My Comuter will take me though a Forest Preserve on Crushed Gravel four the next month.









































Soma Double Cross Frame & Fork Tange Prestige Tubing
SRAM FORCE Crankset 34-50
LX SL-M580 Shifter set
XTR M900 Frt Derailluer
XT RD-M760 GS Rear Derailleur
Dura-Ace CS-7700 9 Speed 12-27 Cassette
Tektro CR720 Cyclocross Brake
Shimano BL-R770 Flat Bar Road Brake Lever Set
Kenda Tomac Small Block 8 700c x 32 Tires
Sun Zero-XCT Rims GT/Hadley Hubs


----------



## Dajianshan (Jul 15, 2007)

Nice! I like the fenders.


----------



## wipeout (Jun 6, 2005)

Nice bike, but gets my vote for the most useless fenders ever made.


----------



## Squidward (Dec 18, 2005)

Nice! Do you have clearance issues with the rear cantis and your ankles?


----------



## ryball (Sep 19, 2008)

Nice! What bar is that?


----------



## Henry Chinaski (Feb 3, 2004)

I love it. Who makes the bars, grips and fenders?


----------



## gearguywb (Dec 26, 2006)

I am having trouble imagining those fenders helping much (at all)


----------



## Normbilt (Jan 26, 2005)

Squidward said:


> Nice! Do you have clearance issues with the rear cantis and your ankles?

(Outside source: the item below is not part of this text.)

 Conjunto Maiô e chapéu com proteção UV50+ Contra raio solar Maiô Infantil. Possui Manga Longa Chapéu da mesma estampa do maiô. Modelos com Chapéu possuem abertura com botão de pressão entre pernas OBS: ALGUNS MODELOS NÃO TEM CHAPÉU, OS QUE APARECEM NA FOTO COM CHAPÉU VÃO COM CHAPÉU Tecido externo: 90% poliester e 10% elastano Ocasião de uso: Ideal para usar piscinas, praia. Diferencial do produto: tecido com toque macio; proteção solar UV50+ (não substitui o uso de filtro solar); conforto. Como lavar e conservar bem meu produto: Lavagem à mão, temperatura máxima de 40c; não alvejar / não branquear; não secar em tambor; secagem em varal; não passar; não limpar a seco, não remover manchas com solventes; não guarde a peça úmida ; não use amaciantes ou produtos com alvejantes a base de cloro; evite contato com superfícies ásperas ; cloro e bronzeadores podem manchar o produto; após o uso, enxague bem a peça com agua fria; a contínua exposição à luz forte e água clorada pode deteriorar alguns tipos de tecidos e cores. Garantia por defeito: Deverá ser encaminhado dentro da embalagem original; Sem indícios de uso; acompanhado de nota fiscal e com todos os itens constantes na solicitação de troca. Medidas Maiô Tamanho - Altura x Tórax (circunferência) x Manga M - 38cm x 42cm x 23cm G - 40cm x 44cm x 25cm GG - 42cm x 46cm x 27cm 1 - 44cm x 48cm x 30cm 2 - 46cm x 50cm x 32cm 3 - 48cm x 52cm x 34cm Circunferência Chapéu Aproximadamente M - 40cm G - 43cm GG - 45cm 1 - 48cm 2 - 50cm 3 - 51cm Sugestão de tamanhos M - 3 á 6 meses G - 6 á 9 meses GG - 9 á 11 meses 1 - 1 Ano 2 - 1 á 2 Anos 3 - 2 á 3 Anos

No Problem What so ever with the cantis



ryball said:


> Nice! What bar is that?


The Handlebar is off an old Austtrian Made Sears 3 speed



Henry Chinaski said:


> I love it. Who makes the bars, grips and fenders?


The Fenders are off an old Schwinn they called them Sport Fenders just for looks.

The Grips are Lizard Skins North Shore Grips 

I have Tanaka Traditional stainless steel Fender Set I will put on later 
front wheel will be replaced with a black hub and rim with silver spokes


----------



## holy cromoly (Nov 9, 2008)

Very sweet Double Cross.
Big fan of sweep back bars on cross bikes. It's like a fast version of an old school French style Portuer bike.

I just built up something along the same line too, albeit mine is a bargain Nashbar Touring frame.


----------